During the late 1970s, a team of geophysicists was prospecting the area around the Yucatan Peninsula in Mexico when they made a startling discovery: way beneath the surface, the equipment revealed what appeared to be a dramatic impact crater. After thorough study, the crater turned out to be slightly less than 66 million years old — the missing puzzle piece that explained why the dinosaurs went extinct. They called it Chicxulub, after a nearby town.

Today, we know the Chicxulub event mostly for wiping the dinosaurs, but the impact killed off out 75% of plant and animal species on Earth, striking with the energy with an estimated energy of 10 billion Hiroshima A-bombs. Eventually, life started to recover after the event, but not at the same pace. Generally speaking, the closer to the meteorite impact site, the longer it took to recover. Geologists estimate that it took about 300,000 years in the Gulf of Mexico and the North Atlantic — much slower than in other regions further from the impact crater. There are several theories as to why life recovered slower around the impact crater, including potentially toxic metal seeping from the meteorite.

But a new study challenges that theory and reports that life re-emerged faster than previously believed. Christopher Lowery and colleagues analyzed rock samples drilled up from beneath the crater, tracking variations in micro-fossils after the impact. They also looked at traces of biological activity and the abundance of various elements (such as extra-terrestrially derived helium-3, the flux of which can be used to infer sedimentation rates) — together, all these can be used as a proxy to assess the presence of life at the site.

The results were surprising: mere years after the impact, the first microscopic life forms started appearing. Just 30,000 years later — far faster than other sites farther from the impact — a productive ecosystem was already in place. This strongly suggests that the impact did not delay recovery.

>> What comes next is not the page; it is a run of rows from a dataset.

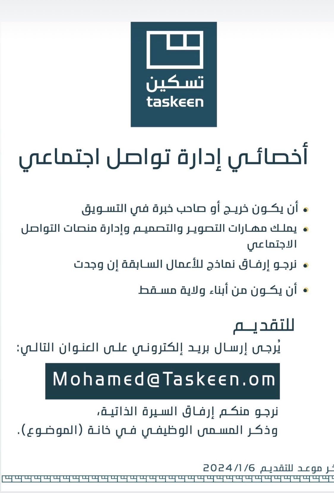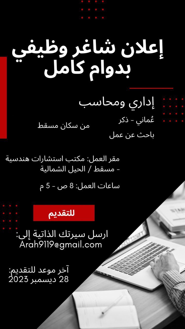 مكتب إستشارات هندسية في مسقط - وظيفة شاغرة ( إداري ومحاسب - ذكر )
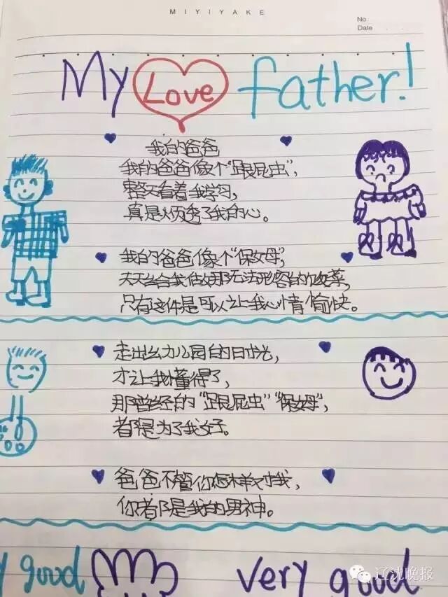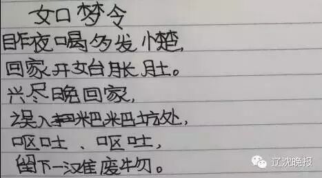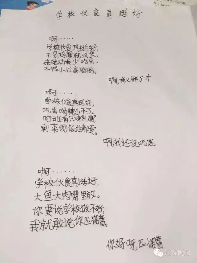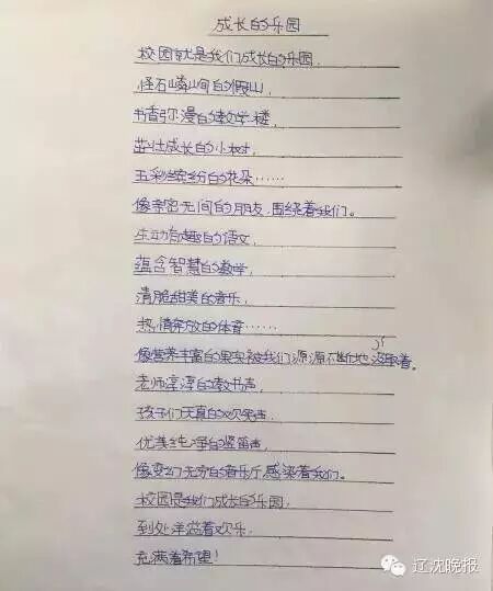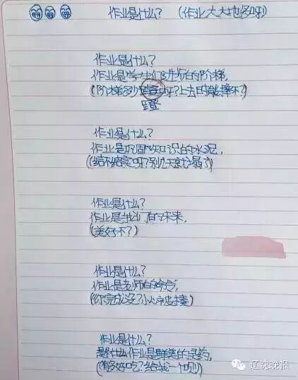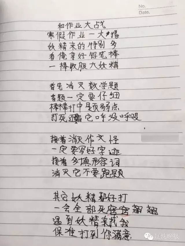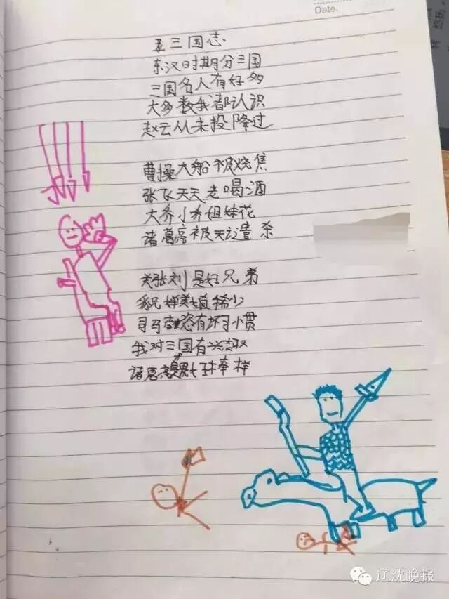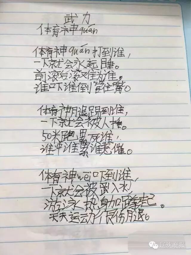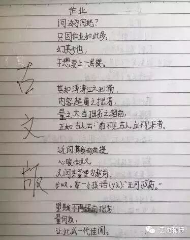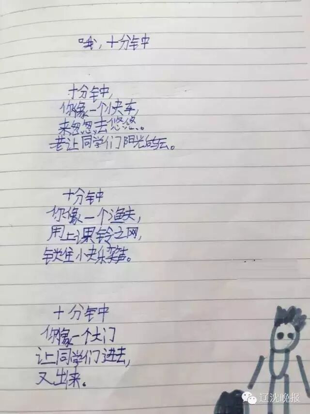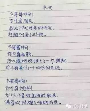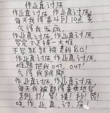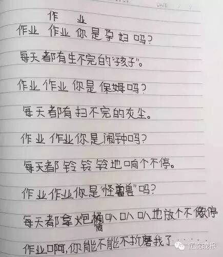都说诗歌源自生活 网上有一群10岁孩子的诗歌 刷爆了不少家长的朋友圈 原来,他们是沈阳铁西区启工三校4年级一个班的孩子们写的。 |- 幽怨的10分钟 -| 原来课间的10分钟 对于孩子们来说是无比幸福的一件事儿 十分钟太短,感觉好幽怨~ (点击图片可放大查看) |- 作业是孕妇吗 -| 作业,你说,你四不四孕妇? 作业,你就是妖精~ 不写作业会被老妈K.O 作业是怪兽,我要打怪兽 “前不见古人,后不见来者”孩子,你这句话用的~就不怕老师批评你哦? 孩子,你是高级黑啊~ |- 爸爸为啥叫愁 -| 爸爸在孩子眼里是啥? 好吧,是跟屁虫~是保姆 爸爸还有一种味道是愁~ 因为被妈妈训的 |- 冬哥哥淘气 -| 冬天啊,小伙伴虽然叫你一声哥哥 可好像似乎大概不稀罕你~ 只能说,关于春天 这俩孩子已经赢在了起跑线上~ 孩子们的成长 孩子们感受着成长,真好 |- 谁跑谁悲催 -| 孩子,感觉你对体育课的恨已经强大了你的文学造诣~ 50米跑累死谁? 谁冲谁跑谁悲催! |- 小心脂肪高 -| 学校食堂,孩子们很喜欢。 姥姥劝我少吃点 不然小心脂肪高 你要说学校饭不好 我就敢说你匹诺曹 |- 误入粑粑坑处 -| 不说了,脑洞大开的孩子 这孩子一定是饮料喝多了 |- 张飞老喝酒 -| 孩子很是认真的读了三国 总结的很是中肯吗 张飞天天老喝酒,你说得对 好吧,篇幅有限,让这位小朋友你告诉你结束的含义 下面 6 篇文章估计你也喜欢 ↓↓↓ 001:没有考试,寒门还能拼什么? 002:孩子,你的努力,就是你将来的路 003:即将到来的阶层社会-教育分层 004:我的孩子,这才是我送你出国背后的真正用意 005:写给我们这一代“无比焦虑”的父母们:流行的谬误把我们搞得太累 006:普通人家的孩子逆袭富二代,平均要花300年 长按本页底部二维码识别关注,回复文章数字编号,即可阅读。 幼儿园 | 幼升小 | 小升初 | 中考 | 高考 | 政策 | 资源 | 育儿 内容精选自:辽沈晚报 版权声明:我们尊重版权,转载已注明来源,如反对转载,请联系删除。详情请点击版 权声明和原创声明。 | |
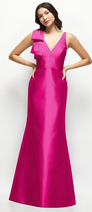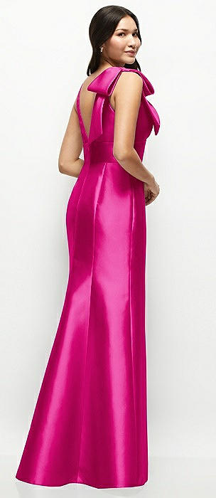Deep V-back Satin Trumpet Dress with Cascading Bow at One Shoulder in think pink
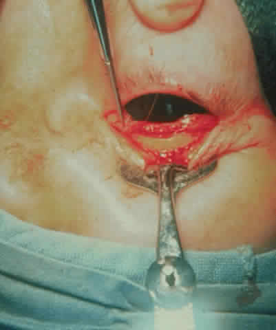 The tarsorrhaphy complications are usually failure of the lid adhesion or a stretching of the lid adhesion. Misdirection of the lashes can occur after a tarsorrhaphy. There are seldom major complications such as hemorrhage or infection. There are many techniques available for tarsorrhaphy. The following approach is effective in creating a permanent tarsorrhaphy that can be reversed later if desired. First, the lids are infiltrated with local anesthetic containing epinephrine at 1:100,000 dilution. The lateral portions of the upper and lower lids are brought together to assess the amount of horizontal fissure narrowing needed. If the patient has significant lagophthalmos, he can be asked to gently close the eyes while the lids are being held together to determine if the proposed tarsorrhaphy will ensure full closure of the eye. A protective corneal lens may be placed on the eye at this time. The lids are then split into anterior and posterior lamellae at the gray line to a depth of approximately 1 mm. This incision extends from the lateral canthus to the nasal-most portion of the lid that is to be closed. The marginal tissue on the posterior side of this incision is then excised. The posterior lamella is closed with three or four interrupted 5-0 Vicryl sutures, with the knots tied anteriorly. The sutures should be placed so they are not penetrating through to the conjunctival surface. Following this, the skin edges are everted and the lids sutured together with 6-0 suture. If there is significant tension in the lids, a temporary Frost suture may be placed and removed in a week. |
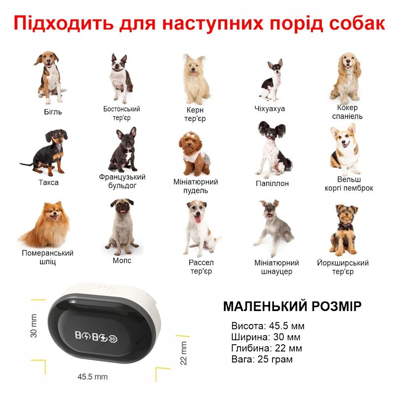 - Разработан специально для маленьких собак, имеет маленькие размеры, всего 45,5х30х22 мм и вес всего 25 грамм.
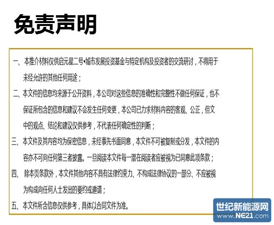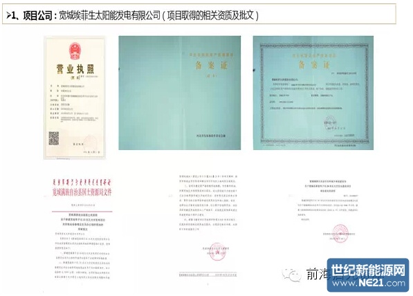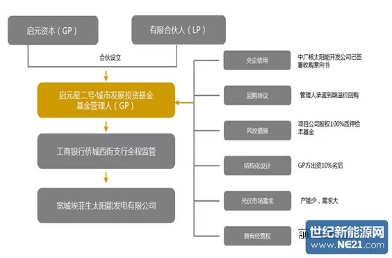 | 保障措施 | 保障一: 中广核太阳能开发有限公司收购(已签署光伏发电站收购意向书) 保障二: 定向投资于埃菲生能源河北宽城苇子沟乡20MWp并网光伏发电项目 保障三: 宽城埃菲生太阳能发电有限公司将其100%的股权质押给本基金,以确保项目运作在本基金控制范围内 保障四: 根据国家相关文件及批文规定:宽城埃菲生太阳能发电有限公司享受电站经营权20年(预计6-7年收回投资成本) 保障五: 本项目建设工期为4-7个月,周期较短,资金回笼快 保障六: 工商银行华侨城西街支行全程监管,确保专款专用 保障七: 基金管理人启元资本将认购本基金的10%份额作为劣后 保障八: 基金管理人启元资本承诺到期溢价回购投资者的合伙企业份额 | ||
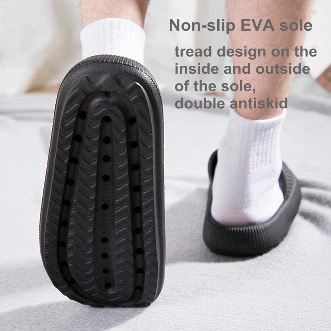 Pillow Slippers, Unisex Shower Bathroom Slipper EVA Massage Foam Super Soft Non-Slip Quick Drying Thick Sole Sandals,Black Open Toe Home Slippers for Women and Men
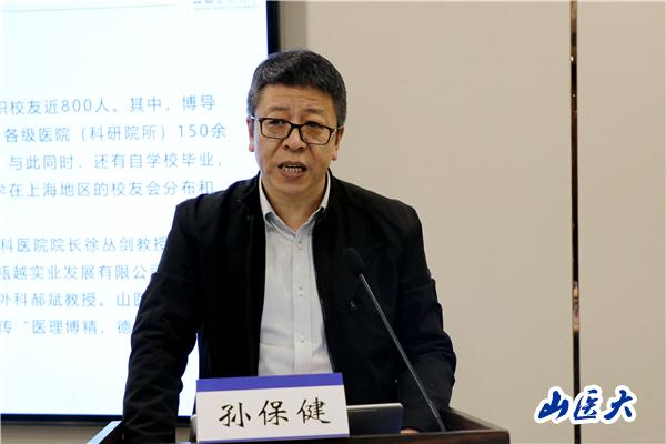 上海校友会常务副会长孙保健致欢迎词并介绍了校友会的发展历程。他指出,上海校友会成立九年来,始终以母校恩师们手口相传的“医理博精、德能高邃”校训为指引,秉承“献身、务实、团结、进取”的校风,积极为广大在沪山医校友搭好平台,做好服务。
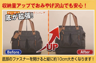 サイズ:ボストンバッグ:幅36(上部)・42(下部)×マチ25×高さ34(底マチ拡張時:42)cm
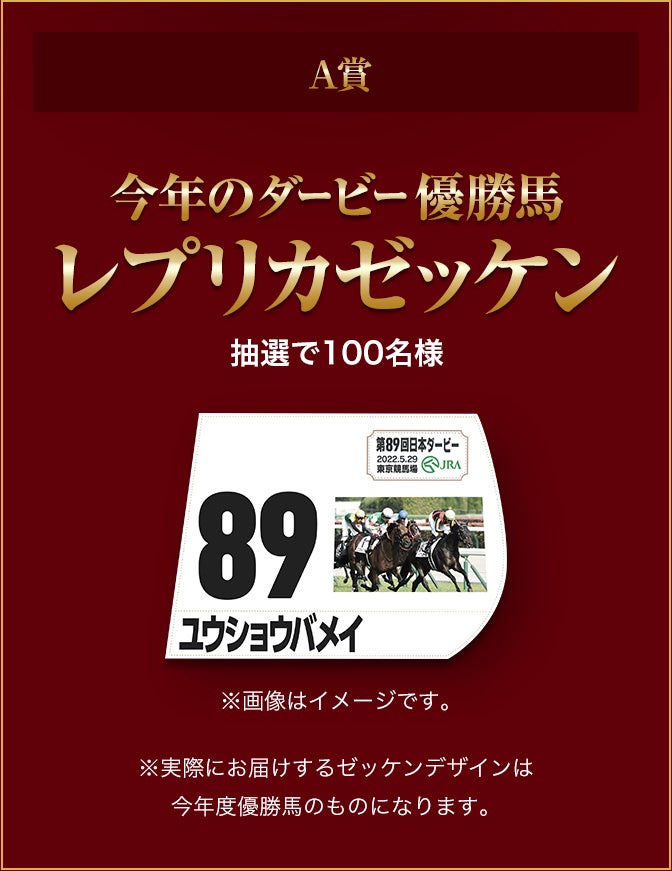 【A 賞】 今年のダービー優勝馬 レプリカゼッケン / 100名様
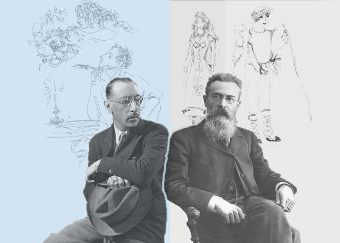Старая пожелтевшая фотография начала прошлого века. На ней пожилой красавец с чеканным профилем, огромным выпуклым лбом и окладистой седой бородой. Рядом с ним молодой мужчина неприметной наружности испуганно смотрит в объектив. У него набриолиненные по моде волосы, большой нос, длинное худощавое лицо и смешные усики. Это Игорь Стравинский и Николай Андреевич Римский-Корсаков. Великовозрастный ученик и великий учитель. Стравинский попал к главе петербургской композиторской школы по протекции своего университетского товарища, тот оказался одним из сыновей мэтра. До сих пор не ясно, почему настойчивый борец с дилетанщиной, профессор столичной консерватории, стоявший у её истоков, отсоветовал поступать в альма-матер. Не увидел в Стравинском особых способностей или наоборот, разочаровался в системе обучения, которая нивелирует талант самородка? Мастер научил его всему: уважать полифонию, грамотно использовать фольклор, энергию ритма и главное, понимать природу оркестра. Уроки продолжались

If the impact crater itself would be preventing life from re-emerging, a pattern would have been present around the crater. However, this was not observed, and no such geographic pattern exists, the best explanation for the observed heterogeneity is a combination of ecological factors and ‘chance,’ according to researchers.

This study highlights that we don’t really know much about how life — particularly marine ecosystems — recovers after such a dramatic extinction.